*EXERCISE OBJECTIVE*
Transcribe, exactly and in full, every record shown below, while omitting its images.
----
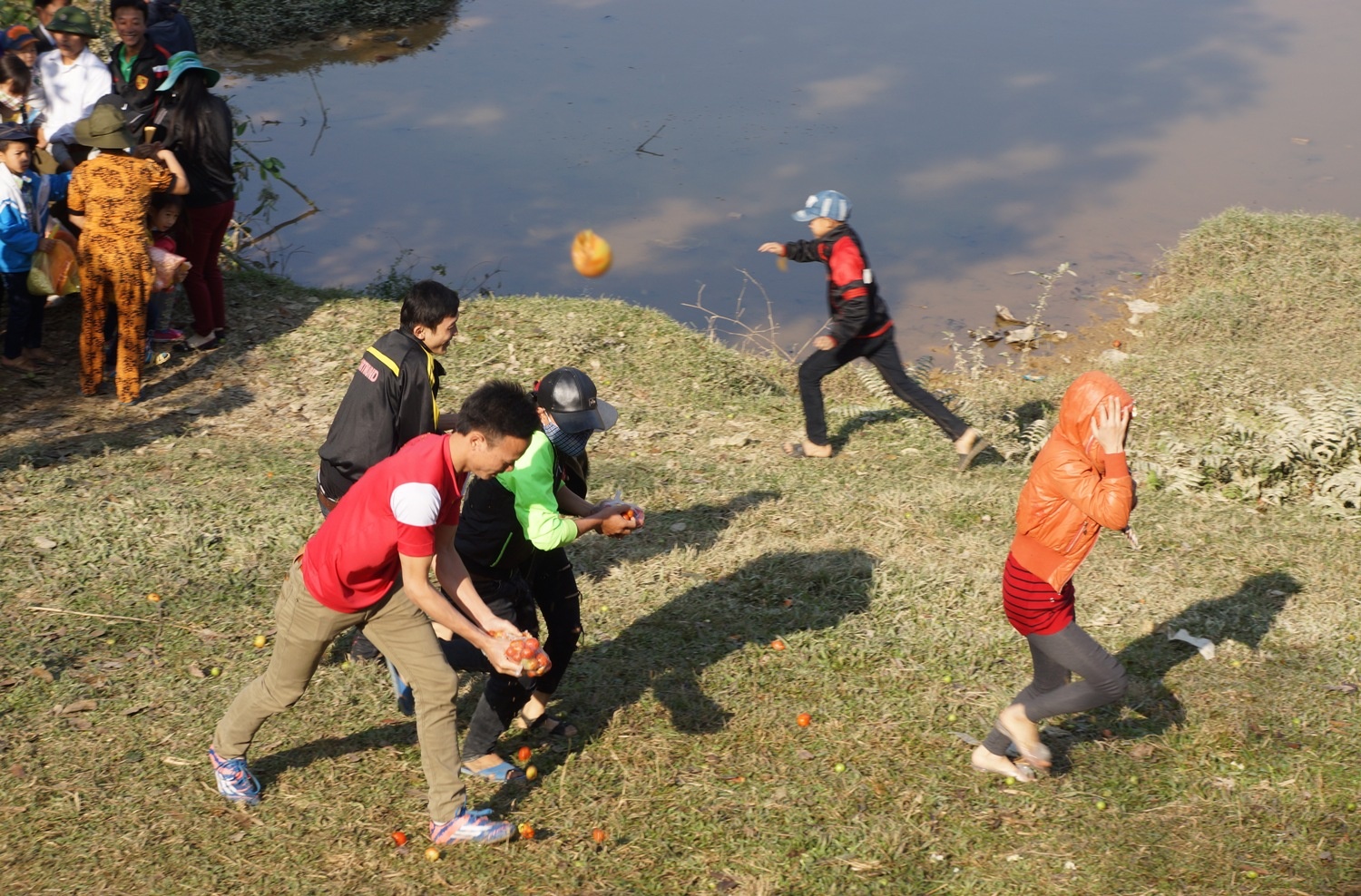 | Không những ném từ xa, nhiều bạn trẻ còn rượt đuổi, xát cả trái cà chua chín đã nát lên đầu nhau. |
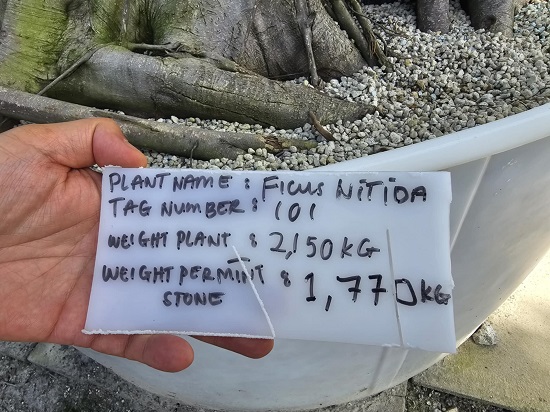 この木は、オランダの特別な施設に使われる予定であるが、土はもちろんココピートなども使わず、きれいに洗われた軽石だけで管理されている。このような大樹を軽石のようなもので、管理するのに問題はないか?と尋ねると、試行錯誤し現在まで来ており、土やココピートより好結果を残しているとのことである。
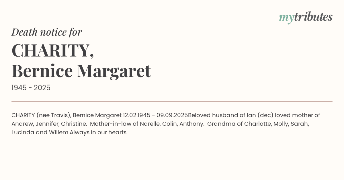 Beloved husband of Ian (dec) loved mother of Andrew, Jennifer, Christine. Mother-in-law of Narelle, Colin, Anthony. Grandma of Charlotte, Molly, Sarah, Lucinda and Willem.
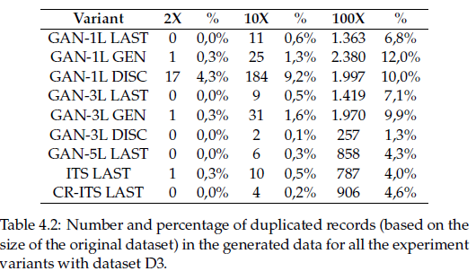 수집된 전체 지표에서, 생성된 중복된 합성 기록의 수와 실제 데이터 세트에서 반복된 합성 기록의 수를 확인하는 것이 주목할 만했다. D1과 D2는 어떤 실험에서도 중복되거나 반복된 기록은 없었다.
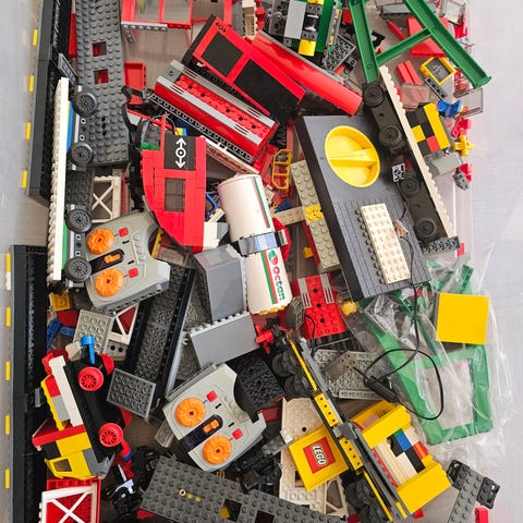 Lego tog, station og skinner + ekstra skinner sælges.
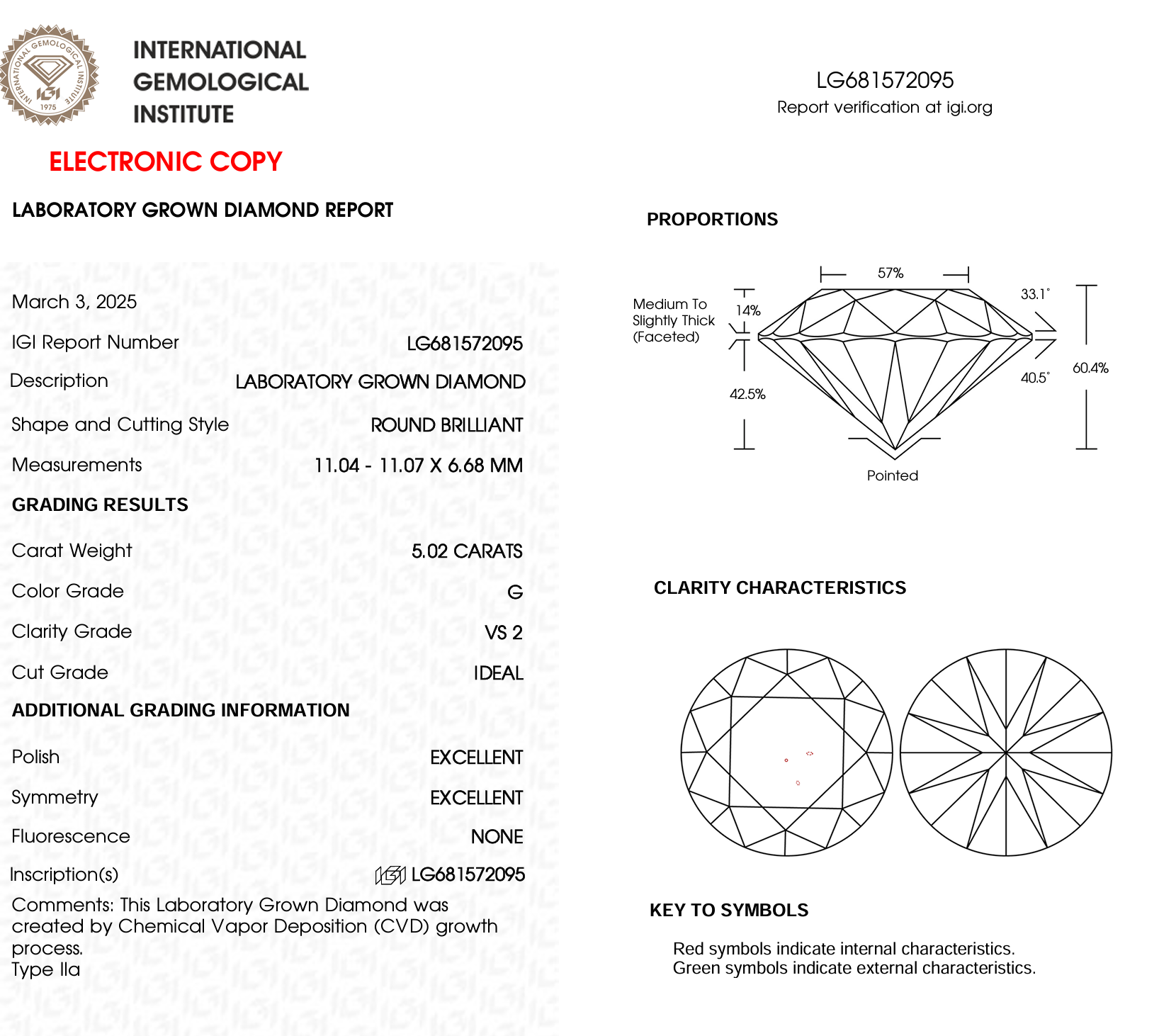 5.02ct Round Cut Lab Grown Diamond IGI Certified
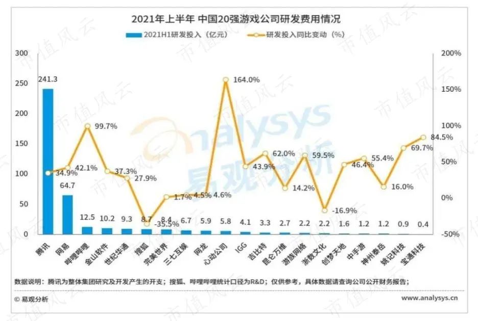 2020年易幻网络研发投入0.4亿,同比大幅增长85%,但是研发投入依旧远低于同行头部公司,仅排在第20位。
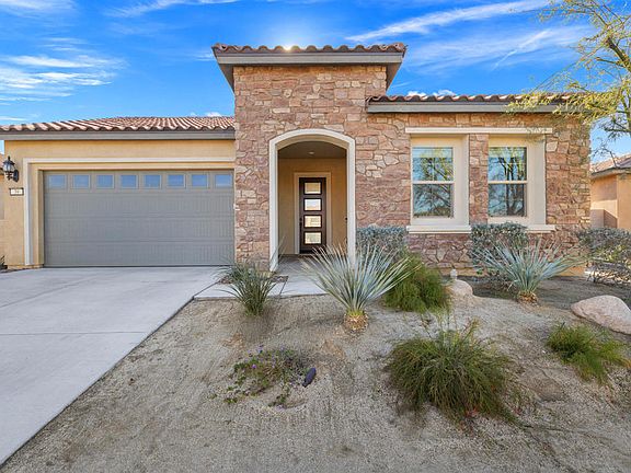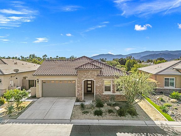 Welcome to Del Webb Rancho Mirage -- a premier 55+ community where resort-style living meets timeless desert elegance.This beautifully maintained 3-bedroom, 2-bath home showcases one of the community's most sought-after floor plans. All bedrooms are generously sized, with the third offering flexible use as a guest room, office, or den.Inside, sophisticated upgrades abound -- custom window treatments, designer ceiling fans, and elegant tile flooring create a refined ambiance throughout. The open-concept great room centers around a chef's kitchen featuring upgraded Whirlpool appliances (including dual ovens), soft-close cabinetry, quartz countertops with full backsplash, pendant-lit island seating, and a walk-in pantry.Dual upgraded sliding doors lead to an extended covered patio and expanded hardscape, ideal for entertaining or quiet evenings enjoying mountain views, the palm trees of the adjoining Westin Resort during the day, and twinkling lights at night.The primary suite is a private retreat, offering a spacious layout, dual quartz-topped vanities, premium cabinetry, upgraded lighting, a large walk-in shower with quartz surround, and a generous walk-in closet. Guest bedrooms and the flex space are thoughtfully separated for optimal privacy.Additional highlights include leased solar (approx. $113/month), an expanded laundry room with utility sink and cabinetry, and an oversized 2-car garage with extra space for a golf cart or additional storage. Residents of Del Webb Rancho Mirage enjoy a vibrant, active lifestyle with access to world-class amenities -- a state-of-the-art clubhouse, resort pool and spa, fitness center, pickleball, tennis, bocce ball, and more.Experience the perfect blend of luxury, comfort, and community living -- all within one of the desert's most desirable 55+ destinations.
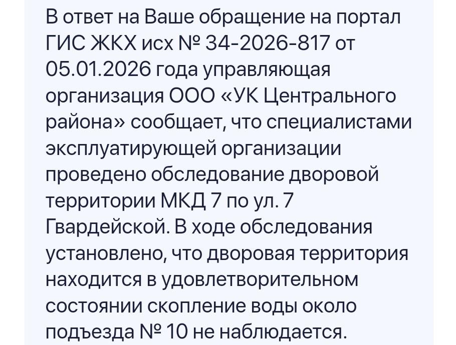 После жалобы управляющая компания направила на место сотрудников эксплуатирующей организации. Однако, как сообщили позже заявителям, специалисты не обнаружили никакой лужи.
----
*ANSWER SECTION*
 | Không những ném từ xa, nhiều bạn trẻ còn rượt đuổi, xát cả trái cà chua chín đã nát lên đầu nhau. |
 この木は、オランダの特別な施設に使われる予定であるが、土はもちろんココピートなども使わず、きれいに洗われた軽石だけで管理されている。このような大樹を軽石のようなもので、管理するのに問題はないか?と尋ねると、試行錯誤し現在まで来ており、土やココピートより好結果を残しているとのことである。
 Beloved husband of Ian (dec) loved mother of Andrew, Jennifer, Christine. Mother-in-law of Narelle, Colin, Anthony. Grandma of Charlotte, Molly, Sarah, Lucinda and Willem.
 수집된 전체 지표에서, 생성된 중복된 합성 기록의 수와 실제 데이터 세트에서 반복된 합성 기록의 수를 확인하는 것이 주목할 만했다. D1과 D2는 어떤 실험에서도 중복되거나 반복된 기록은 없었다.
 Lego tog, station og skinner + ekstra skinner sælges.
 5.02ct Round Cut Lab Grown Diamond IGI Certified
 2020年易幻网络研发投入0.4亿,同比大幅增长85%,但是研发投入依旧远低于同行头部公司,仅排在第20位。
 Welcome to Del Webb Rancho Mirage -- a premier 55+ community where resort-style living meets timeless desert elegance.This beautifully maintained 3-bedroom, 2-bath home showcases one of the community's most sought-after floor plans. All bedrooms are generously sized, with the third offering flexible use as a guest room, office, or den.Inside, sophisticated upgrades abound -- custom window treatments, designer ceiling fans, and elegant tile flooring create a refined ambiance throughout. The open-concept great room centers around a chef's kitchen featuring upgraded Whirlpool appliances (including dual ovens), soft-close cabinetry, quartz countertops with full backsplash, pendant-lit island seating, and a walk-in pantry.Dual upgraded sliding doors lead to an extended covered patio and expanded hardscape, ideal for entertaining or quiet evenings enjoying mountain views, the palm trees of the adjoining Westin Resort during the day, and twinkling lights at night.The primary suite is a private retreat, offering a spacious layout, dual quartz-topped vanities, premium cabinetry, upgraded lighting, a large walk-in shower with quartz surround, and a generous walk-in closet. Guest bedrooms and the flex space are thoughtfully separated for optimal privacy.Additional highlights include leased solar (approx. $113/month), an expanded laundry room with utility sink and cabinetry, and an oversized 2-car garage with extra space for a golf cart or additional storage. Residents of Del Webb Rancho Mirage enjoy a vibrant, active lifestyle with access to world-class amenities -- a state-of-the-art clubhouse, resort pool and spa, fitness center, pickleball, tennis, bocce ball, and more.Experience the perfect blend of luxury, comfort, and community living -- all within one of the desert's most desirable 55+ destinations.
 После жалобы управляющая компания направила на место сотрудников эксплуатирующей организации. Однако, как сообщили позже заявителям, специалисты не обнаружили никакой лужи.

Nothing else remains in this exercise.